Much of the coverage has been dominated by Brown's eye-catching pronounciations about outsourcing research, but such recommendations make up only a very small part of the overall report.
Much of the work consisted of interviews with senior management - often chief executives - of multinationals involved in research and about what these large, wealthy, powerful and global organisations want from their employees. And it seems that the UK fares rather well.
The report is very positive about the quality of the research done at UK universities, the quality of our graduates, and the flexibility and acumen of our top academics. With the authors warning that big companies have the resources to go to the very best institutions in the world for research partners, it seems many UK universities are world class business collaborators in a range of fields - and it's often not the ones routinely cited as 'the best'.
But Brown and Ternouth have a number of recommendations and, indeed, warnings. They note that where the UK sometimes falls down is on value for money, especially compared with technically able institutions in India - this is the genesis of the 'outsourcing' stories. They suggest we need to attract more able overseas students, as big business is very fond of those who have the drive to move to another country to get the best education. And in particular, our base of science research is dangerously eroded.

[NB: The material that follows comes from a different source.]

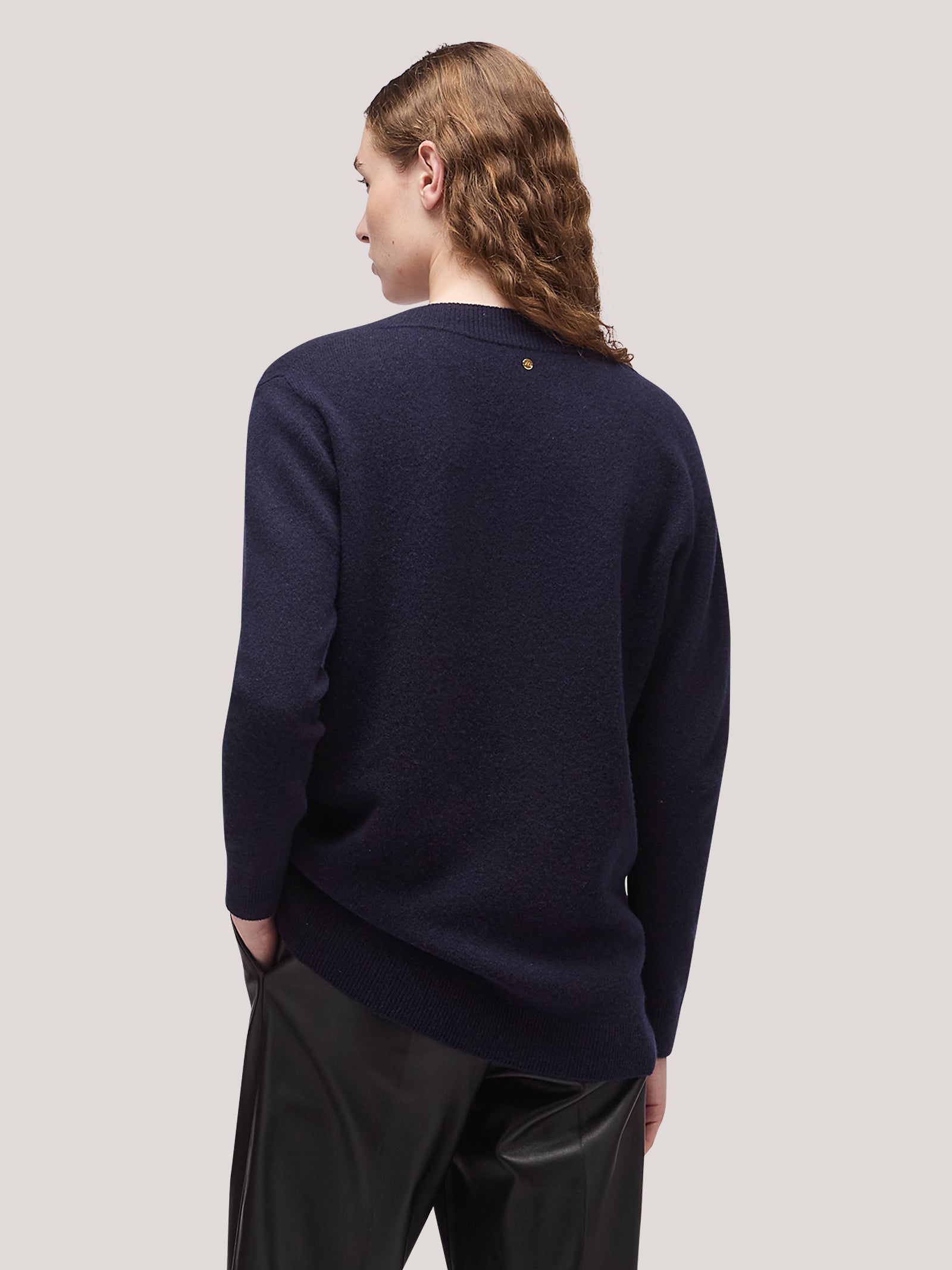 di capovolgerlo prima del lavaggio, in modo tale che le superfici delle fibre subiscano un delicato strofinamento tra loro. Consigliamo poi di lavare a mano, con acqua a 30° circa e un detersivo neutro, per poi asciugarlo su un piano orizzontale, senza usare l'asciugatrice, quindi stirarlo a bassa temperatura.

In addition, the Government has already pared central funding down to a minimum, and must not make any more funding cuts.
Finally, the authors complain that UK HE has been 'on the back foot' for too long.
'…what is best about UK higher education needs to be recognised and defended; it also needs to be lauded.'
Amen to that.
The report appears to be being taken seriously by the Treasury - let's hope they act on it and particularly accept that if they want a world-class HE system, it might be a good idea to fund it properly.
We can also hope that commentators who constantly bang on about what a terrible state HE in the UK is in might read this and start to accept that not everything is broken.